• INPUT DATA
↓↓↓

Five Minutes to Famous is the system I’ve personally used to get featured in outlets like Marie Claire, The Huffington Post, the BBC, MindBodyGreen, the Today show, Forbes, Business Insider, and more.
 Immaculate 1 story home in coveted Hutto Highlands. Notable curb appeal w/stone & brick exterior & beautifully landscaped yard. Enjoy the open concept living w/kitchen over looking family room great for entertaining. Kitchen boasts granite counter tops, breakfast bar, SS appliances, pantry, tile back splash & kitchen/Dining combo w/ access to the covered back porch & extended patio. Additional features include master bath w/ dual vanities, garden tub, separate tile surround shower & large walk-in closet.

↑↑↑
↓↓↓

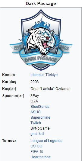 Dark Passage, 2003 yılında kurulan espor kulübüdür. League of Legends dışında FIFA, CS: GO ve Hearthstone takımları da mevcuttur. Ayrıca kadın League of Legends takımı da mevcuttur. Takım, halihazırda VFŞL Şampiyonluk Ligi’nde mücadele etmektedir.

↑↑↑
↓↓↓

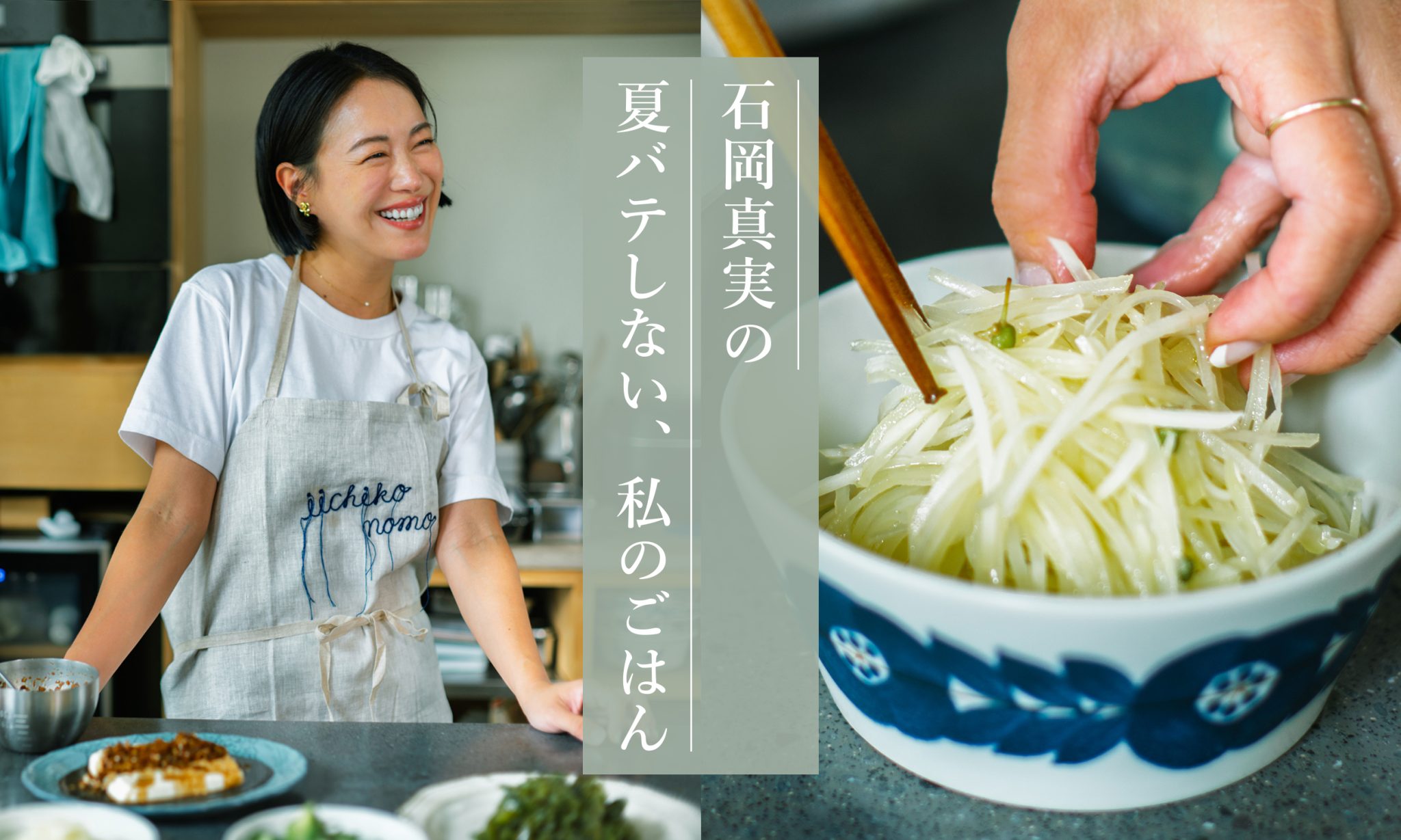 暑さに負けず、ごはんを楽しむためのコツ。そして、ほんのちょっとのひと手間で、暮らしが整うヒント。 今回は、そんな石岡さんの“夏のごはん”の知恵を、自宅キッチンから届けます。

↑↑↑

Reproduce, word for word and in full, only the lines above that start at the line with "Five Minutes to" and run through the line with "Immaculate 1 story", both ends included.

• EXERCISE RESULT
Five Minutes to Famous is the system I’ve personally used to get featured in outlets like Marie Claire, The Huffington Post, the BBC, MindBodyGreen, the Today show, Forbes, Business Insider, and more.
 Immaculate 1 story home in coveted Hutto Highlands. Notable curb appeal w/stone & brick exterior & beautifully landscaped yard. Enjoy the open concept living w/kitchen over looking family room great for entertaining. Kitchen boasts granite counter tops, breakfast bar, SS appliances, pantry, tile back splash & kitchen/Dining combo w/ access to the covered back porch & extended patio. Additional features include master bath w/ dual vanities, garden tub, separate tile surround shower & large walk-in closet.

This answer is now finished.